Aus Sicht Wladimir Putins hat es diese Einigkeit ohnehin nie gegeben. Der russische Präsident sieht die Welt wie Donald Trump: als eine Arena miteinander konkurrierender Mächte. Putin arbeitet seit Jahren daran, wieder auf Augenhöhe mit der Weltmacht USA zu kommen. In Hamburg ist er diesem Ziel einen großen Schritt näher gekommen. „Es ist eine Ehre Sie zu treffen“, umschmeichelte Trump jenen Mann, dessen Hacker gerade versucht haben, die demokratischen Wahlen in Amerika zu manipulieren.

Trump und Putin haben in Hamburg zwar die Schlagzeilen bestimmt. Der heimliche Gewinner des Gipfels ist jedoch Chinas Präsident Xi Jinping. Ohne dass Xi viel dafür tun musste, läuft der globale Trend auf China zu. Xi hat sich bereits als neuer Garant für Freihandel und Globalisierung positioniert und damit den von Trump geräumten Platz eingenommen. Dass China wahrlich kein mustergültiger Freihändler ist, sondern ausländischen Unternehmen immer wieder Knüppel zwischen die Beine wirft, wird kaum noch wahrgenommen. Auch deshalb nicht, weil Trump freiwillig die Rolle des Bösewichts übernommen hat.

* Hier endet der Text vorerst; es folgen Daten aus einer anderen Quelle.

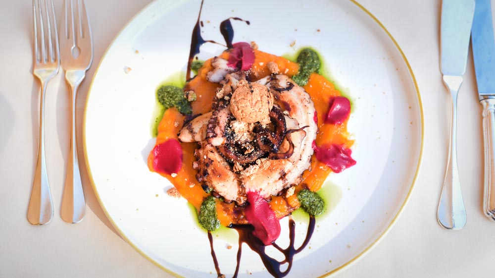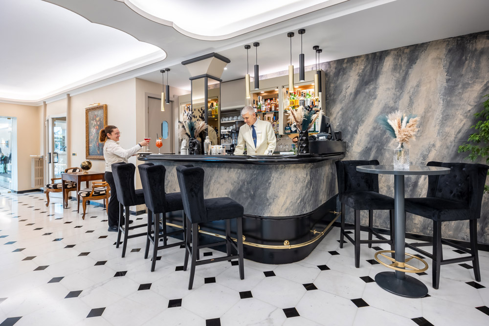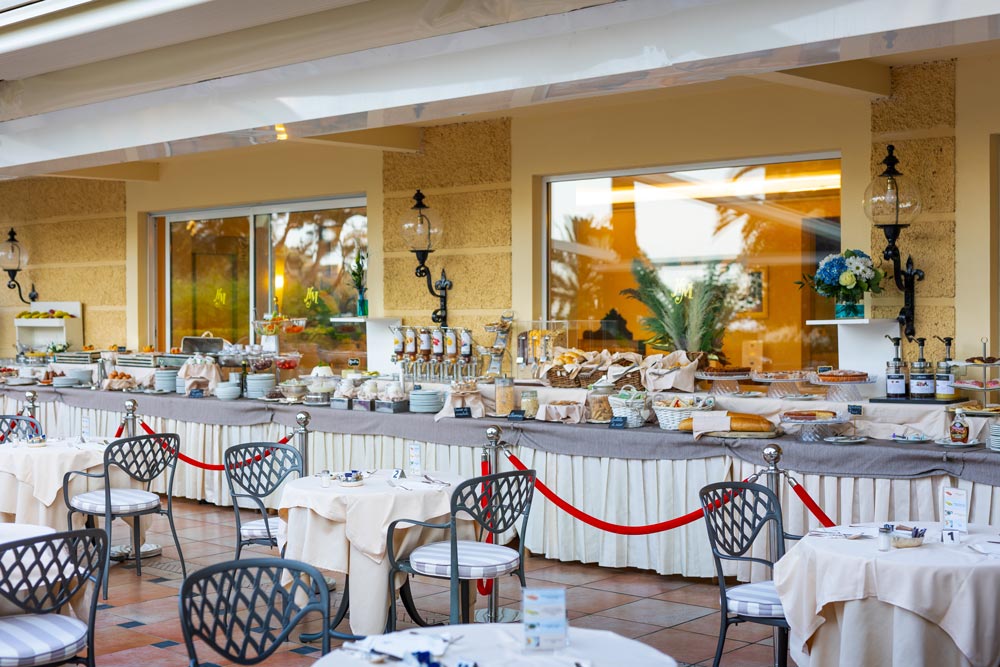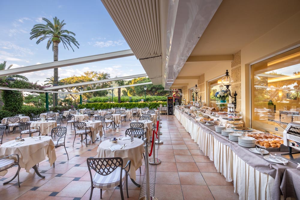 Nos deux restaurants, celui dans l’hôtel qui donne sur le jardin et celui panoramique d’été à la plage qui donne sur la mer,

Einen Führungswechsel an der Weltspitze bedeutet das alles aber noch lange nicht. Putin redet jetzt mit Trump zwar auf Augenhöhe, was aber nur daran liegt, dass der Amerikaner sich auf das machtpolitische Niveau des Russen hinab begeben hat. China ist weder willens noch in der Lage, liberale Werte wie die Menschenrechte, den Rechtsstaat und die Demokratie global zu verteidigen. Und die bereits als Weltenretterin gefeierte Merkel hat nach den Hamburger Chaos-Tagen andere Sorgen.

Das ernüchternde, aber nicht überraschende Fazit aus Hamburg lautet: Die Welt ist neun Jahre nach dem ersten G20-Treffen führungslos. G0 statt G20, das ist die Botschaft von Hamburg.